Some Pennsylvania lawmakers wary of expanding access to Narcan |

Some Pennsylvania lawmakers wary of expanding access to Narcan

Lillian DeDomenic | For The Tribune-Review
Plum School District is among the schools in Western Pennsylvania with the overdose antidote Narcan on hand.

The nasal spray Narcan has been credited with saving more than 1,000 Pennsylvanians from overdosing on heroin, but some state lawmakers are concerned that expanding its availability might encourage drug use.

With Narcan, “kids are having opioid parties with no fear of overdose,” Sen. Lisa Boscola, D-Northampton, said Tuesday at a public hearing in the Allegheny County Courthouse conducted by a House-Senate task force exploring solutions to opioid abuse.

Advocates and medical professionals want to make Narcan — the trade name for naloxone—more accessible to the public, but some lawmakers expressed concerns that increased accessibility could inspire dangerous behavior.

“I can tell you, drug dealers are throwing Narcan parties,” said Rep. Daniel McNeill, D-Lehigh County.

Medical professionals disagreed that people will abuse the antidote.

“Anyone who has had the experience of being brought back by Narcan doesn’t want to go through that again,” said Marc Cherna, director of the Allegheny County Department of Human Services.

In April 2015, Gov. Tom Wolf announced that all state police patrol cars would be equipped with two doses of Narcan. He has credited Narcan with saving more than 1,000 people across the state.

Some county police have rejected the idea of carrying the drug.

“I’m bewildered by the resistance to police carrying naloxone,” said Rep. Dan Frankel, D- Squirrel Hill.

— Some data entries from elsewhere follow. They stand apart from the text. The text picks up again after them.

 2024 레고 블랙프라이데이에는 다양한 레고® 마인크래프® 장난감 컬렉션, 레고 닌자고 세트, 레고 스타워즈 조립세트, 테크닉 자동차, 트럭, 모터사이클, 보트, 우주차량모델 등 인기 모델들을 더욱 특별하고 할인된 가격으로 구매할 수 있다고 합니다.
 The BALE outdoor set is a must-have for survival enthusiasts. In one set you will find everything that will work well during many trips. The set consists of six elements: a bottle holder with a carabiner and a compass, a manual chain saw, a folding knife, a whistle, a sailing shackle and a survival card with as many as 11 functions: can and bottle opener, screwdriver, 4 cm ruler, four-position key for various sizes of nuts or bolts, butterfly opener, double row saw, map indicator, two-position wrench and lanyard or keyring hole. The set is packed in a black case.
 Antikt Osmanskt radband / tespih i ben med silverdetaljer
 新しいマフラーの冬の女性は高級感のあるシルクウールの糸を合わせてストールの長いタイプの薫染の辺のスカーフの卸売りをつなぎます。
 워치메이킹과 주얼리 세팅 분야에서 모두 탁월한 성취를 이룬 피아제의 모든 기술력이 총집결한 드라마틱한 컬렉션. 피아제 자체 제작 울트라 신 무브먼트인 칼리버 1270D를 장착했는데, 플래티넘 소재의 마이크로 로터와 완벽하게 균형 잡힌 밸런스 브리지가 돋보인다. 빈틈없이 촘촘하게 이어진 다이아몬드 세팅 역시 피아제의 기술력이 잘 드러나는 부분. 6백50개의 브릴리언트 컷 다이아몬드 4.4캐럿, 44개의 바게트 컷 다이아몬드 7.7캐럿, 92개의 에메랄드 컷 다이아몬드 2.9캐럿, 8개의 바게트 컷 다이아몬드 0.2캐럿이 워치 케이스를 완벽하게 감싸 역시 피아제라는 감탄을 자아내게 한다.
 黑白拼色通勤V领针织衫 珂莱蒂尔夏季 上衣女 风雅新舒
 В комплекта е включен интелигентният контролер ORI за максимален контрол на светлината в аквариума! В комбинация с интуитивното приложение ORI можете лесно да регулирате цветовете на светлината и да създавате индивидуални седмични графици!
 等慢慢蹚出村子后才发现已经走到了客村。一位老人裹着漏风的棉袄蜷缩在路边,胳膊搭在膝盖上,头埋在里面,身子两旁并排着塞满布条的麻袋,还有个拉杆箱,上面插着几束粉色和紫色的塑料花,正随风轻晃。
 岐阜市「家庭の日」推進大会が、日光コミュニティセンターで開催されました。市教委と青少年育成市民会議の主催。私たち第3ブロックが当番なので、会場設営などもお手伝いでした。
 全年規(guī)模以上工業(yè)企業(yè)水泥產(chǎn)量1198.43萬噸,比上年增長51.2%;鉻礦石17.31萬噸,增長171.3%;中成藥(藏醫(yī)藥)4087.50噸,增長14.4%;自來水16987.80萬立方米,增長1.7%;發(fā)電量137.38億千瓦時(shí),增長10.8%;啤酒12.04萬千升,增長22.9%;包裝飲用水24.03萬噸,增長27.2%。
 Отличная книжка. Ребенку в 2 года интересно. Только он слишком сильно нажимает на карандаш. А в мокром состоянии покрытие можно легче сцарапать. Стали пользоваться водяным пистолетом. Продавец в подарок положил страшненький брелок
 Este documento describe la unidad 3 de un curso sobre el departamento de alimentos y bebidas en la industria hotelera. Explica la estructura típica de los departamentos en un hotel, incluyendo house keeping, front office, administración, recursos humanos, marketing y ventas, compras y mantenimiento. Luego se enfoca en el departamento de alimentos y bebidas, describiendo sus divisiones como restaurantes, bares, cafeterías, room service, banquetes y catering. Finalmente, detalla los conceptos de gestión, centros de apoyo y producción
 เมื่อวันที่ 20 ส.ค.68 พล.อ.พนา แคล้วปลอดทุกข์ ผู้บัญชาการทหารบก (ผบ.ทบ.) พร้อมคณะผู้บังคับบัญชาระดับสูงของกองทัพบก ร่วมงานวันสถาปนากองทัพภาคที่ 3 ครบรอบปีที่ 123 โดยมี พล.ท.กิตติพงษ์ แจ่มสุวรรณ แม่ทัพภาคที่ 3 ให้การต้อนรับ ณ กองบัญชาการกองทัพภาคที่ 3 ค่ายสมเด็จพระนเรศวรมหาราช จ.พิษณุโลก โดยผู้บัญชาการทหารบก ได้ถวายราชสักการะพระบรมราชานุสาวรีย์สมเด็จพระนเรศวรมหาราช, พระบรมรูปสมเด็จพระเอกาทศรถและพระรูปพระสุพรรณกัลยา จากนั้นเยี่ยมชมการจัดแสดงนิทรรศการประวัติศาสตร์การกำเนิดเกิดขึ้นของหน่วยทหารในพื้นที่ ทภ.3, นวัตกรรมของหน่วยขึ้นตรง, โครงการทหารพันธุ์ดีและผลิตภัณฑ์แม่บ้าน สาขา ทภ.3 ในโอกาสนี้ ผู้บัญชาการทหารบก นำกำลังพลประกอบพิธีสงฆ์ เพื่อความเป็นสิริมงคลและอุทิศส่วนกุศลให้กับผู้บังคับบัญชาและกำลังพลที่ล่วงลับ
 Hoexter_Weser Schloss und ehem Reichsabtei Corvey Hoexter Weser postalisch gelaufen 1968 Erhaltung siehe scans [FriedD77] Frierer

In May, Pennsylvania’s physician general ordered that anyone wanting to buy Narcan be allowed to do so without a prescription.

During the hearing Tuesday, advocates and medical professionals pushed for making Narcan more accessible to the public, including putting it in schools.

Public health experts told lawmakers that opioid painkillers often are a precursor to heroin use. When the user gets addicted and the habit becomes expensive, they often turn to heroin, they said.

The state is recommending that medical schools start teaching pain management differently and instructing doctors and dentists to prescribe fewer painkillers.

The state Attorney General’s Prescription Drug Monitoring Program will go online Aug. 25. It will allow medical professionals to track how many prescriptions a patient has to deter overprescribing of opioids.

But the program does have risks.

“If we get people off pills, we don’t want to drive them to the street,” said Dr. Latika Davis-Jones, administrator at Allegheny County’s Bureau of Drug and Alcohol Services.

Max Siegelbaum is a Tribune-Review staff writer.